Visualising the “100% urban” club in 2025
The bar chart below shows the reported urban population share for the Top 10 most urbanized countries and territories around 2025. All are effectively at 100% urbanization; the chart also includes a stylised bar for the world average to highlight the gap between these micro-urban economies and the global picture.
What the “100% club” tells us about metropolitan futures
The fact that a growing number of territories report effectively no rural population hints at what many larger countries may experience over the coming decades. Once a country becomes overwhelmingly urban, policy questions shift from managing rural–urban migration to issues such as:
- Metropolitan governance — coordinating housing, transport, climate adaptation and economic development across multiple municipalities within a single functional urban area.
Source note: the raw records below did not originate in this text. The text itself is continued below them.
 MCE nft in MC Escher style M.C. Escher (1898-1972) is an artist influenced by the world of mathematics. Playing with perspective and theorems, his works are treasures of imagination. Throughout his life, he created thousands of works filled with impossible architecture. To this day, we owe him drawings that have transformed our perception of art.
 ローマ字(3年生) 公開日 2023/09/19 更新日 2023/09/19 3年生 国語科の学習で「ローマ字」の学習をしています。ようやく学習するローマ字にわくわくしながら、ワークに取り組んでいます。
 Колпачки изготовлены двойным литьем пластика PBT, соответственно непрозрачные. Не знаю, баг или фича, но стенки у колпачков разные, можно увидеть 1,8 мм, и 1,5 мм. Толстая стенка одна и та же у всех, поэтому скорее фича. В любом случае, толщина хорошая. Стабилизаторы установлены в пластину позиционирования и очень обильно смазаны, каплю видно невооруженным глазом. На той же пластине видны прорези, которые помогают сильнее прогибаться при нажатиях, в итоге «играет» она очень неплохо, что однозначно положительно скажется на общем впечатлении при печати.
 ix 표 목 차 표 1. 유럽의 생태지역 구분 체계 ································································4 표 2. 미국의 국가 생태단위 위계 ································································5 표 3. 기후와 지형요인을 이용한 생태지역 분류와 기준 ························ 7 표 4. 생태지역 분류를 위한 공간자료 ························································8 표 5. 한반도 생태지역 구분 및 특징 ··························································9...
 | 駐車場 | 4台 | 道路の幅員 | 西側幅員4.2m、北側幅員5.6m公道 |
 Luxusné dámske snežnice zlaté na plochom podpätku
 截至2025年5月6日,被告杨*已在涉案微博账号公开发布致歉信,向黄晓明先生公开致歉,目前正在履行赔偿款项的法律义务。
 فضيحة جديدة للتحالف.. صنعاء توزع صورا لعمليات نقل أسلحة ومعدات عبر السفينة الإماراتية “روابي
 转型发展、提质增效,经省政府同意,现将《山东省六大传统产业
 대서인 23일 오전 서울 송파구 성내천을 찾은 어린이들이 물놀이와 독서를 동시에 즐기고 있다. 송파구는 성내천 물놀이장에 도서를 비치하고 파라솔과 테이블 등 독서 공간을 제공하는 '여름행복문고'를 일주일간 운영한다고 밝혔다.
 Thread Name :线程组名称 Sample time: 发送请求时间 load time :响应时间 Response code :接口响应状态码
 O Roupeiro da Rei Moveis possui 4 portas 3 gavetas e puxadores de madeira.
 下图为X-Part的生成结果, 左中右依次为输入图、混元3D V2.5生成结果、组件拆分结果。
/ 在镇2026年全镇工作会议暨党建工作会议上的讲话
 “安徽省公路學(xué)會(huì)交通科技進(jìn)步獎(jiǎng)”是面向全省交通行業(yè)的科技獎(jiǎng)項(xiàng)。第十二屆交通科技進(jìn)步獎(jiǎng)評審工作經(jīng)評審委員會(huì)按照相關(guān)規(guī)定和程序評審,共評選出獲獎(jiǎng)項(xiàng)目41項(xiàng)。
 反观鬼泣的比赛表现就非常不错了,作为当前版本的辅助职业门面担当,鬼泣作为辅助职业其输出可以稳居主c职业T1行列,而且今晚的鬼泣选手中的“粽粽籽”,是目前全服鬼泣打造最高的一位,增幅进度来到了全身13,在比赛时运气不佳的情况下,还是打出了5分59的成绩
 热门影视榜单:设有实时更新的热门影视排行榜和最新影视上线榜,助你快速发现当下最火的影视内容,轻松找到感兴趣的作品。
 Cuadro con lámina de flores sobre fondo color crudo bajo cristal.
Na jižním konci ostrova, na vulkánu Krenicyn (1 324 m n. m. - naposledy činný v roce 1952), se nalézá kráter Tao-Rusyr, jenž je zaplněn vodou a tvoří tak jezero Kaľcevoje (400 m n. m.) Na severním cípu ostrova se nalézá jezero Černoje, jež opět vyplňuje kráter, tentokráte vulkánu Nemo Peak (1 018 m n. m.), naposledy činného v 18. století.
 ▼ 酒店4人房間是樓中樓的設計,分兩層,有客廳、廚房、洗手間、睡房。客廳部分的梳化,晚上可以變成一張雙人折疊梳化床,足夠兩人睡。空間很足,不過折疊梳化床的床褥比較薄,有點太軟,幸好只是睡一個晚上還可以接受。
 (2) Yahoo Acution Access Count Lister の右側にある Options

- Infill and vertical growth — redeveloping existing neighbourhoods, increasing density in transit corridors and re-using formerly industrial land.
- Resilience to shocks — designing compact, walkable cities that can withstand pandemics, energy shocks and extreme weather events.
For researchers and analysts, the Top 10 most urbanized countries in 2025 are therefore useful laboratories of full urbanization. They show how societies function when the rural share is effectively zero and how metropolitan areas can extend across national borders, creating cross-jurisdictional regions that challenge traditional notions of the “city”.